L’autore e co-regista Matteo Tibiletti, recentemente insignito di rilevanti onorificenze internazionali ( “Prix du Scenario” aParigi“Best Film Originality” a Barcellona“Best Experimental Award” a San Diego; “Smart Experimental Film” aWashington“Best movie” a Los Angeles; Borsa di studio ESMoA Artist in Residence 2020 a Los Angeles)ambienta la nuova ed appassionante commedia dal titolo “Gaudì non è più qui” in una calda estate catalana. I sogni sono il perno sul quale ruota l’intera vicenda, il cui intreccio miscela sapientemente il divertimento allo stato puro con la riflessione profonda sul significato dell’esistenza e l’importanza dell’assenza d’amore nelle vite di ciascuno. 
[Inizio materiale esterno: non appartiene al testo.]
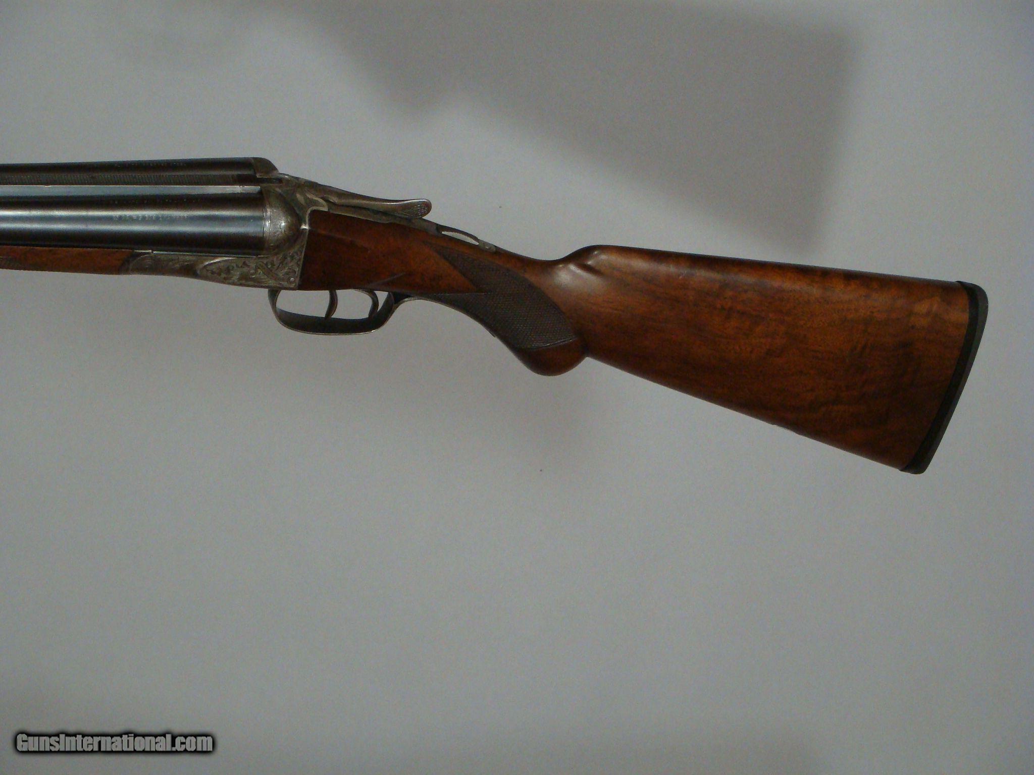 Description: Later style engraving which remains crisp, tight gun, full length wood, pad installed but original plate and screws included. Stock measures 1&3/4" x 2&7/8" choked .007" and .010 SOLD Curio/Relic: Yes |
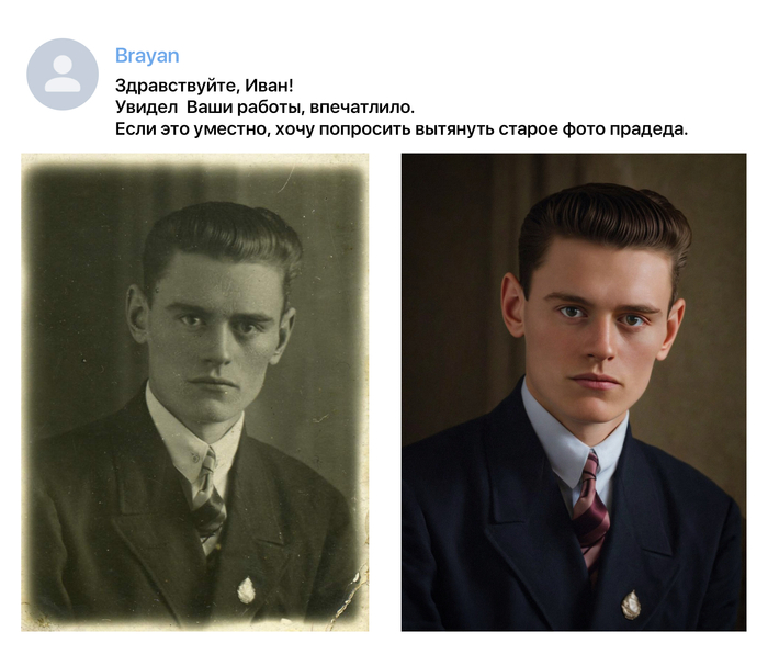 Я занимался обработкой фото ещё до появления нейросетей, и сейчас это такой же инструмент, как и Photoshop, которым я по-прежнему пользуюсь для восстановления фото, чтобы сохранить 100% сходство после нейросетевых улучшений.

Protagonista della vicenda è Alessia Agostino, vincitrice nel 2019 del premio come “Miglior attrice” al concorso Corti In Artemia a Roma.

SINOSSI

È estate. Siamo a Barcellona. Rosa e la giovane figlia Estefanìa gestiscono il “Doña Carmen” un piccolo ristorante nel centro di Barcellona. Entrambe abbandonate dal marito-padre Francisco, fuggito a Madrid in cerca di fortuna, si barcamenano al meglio, giorno per giorno: Rosa, tentando di far quadrare i conti; Estefanìa portando avanti con passione gli studi di cinematografia e coltivando segretamente il sogno di andare a vivere in America. Attorno a loro, ruotano il giovane e disincantato cuoco Ricardo, perdutamente innamorato di Estefanìa; Berto, una drag queen con un passato burrascoso e una famiglia che lo ha da tempo rinnegato; Consuelo, una esuberante donna delle pulizie alle prese con un travagliato rapporto coniugale; infine, il commissario Eduardo, uomo solitario, innamorato di Rosa e particolarmente affezionato alla giovane Estefanìa.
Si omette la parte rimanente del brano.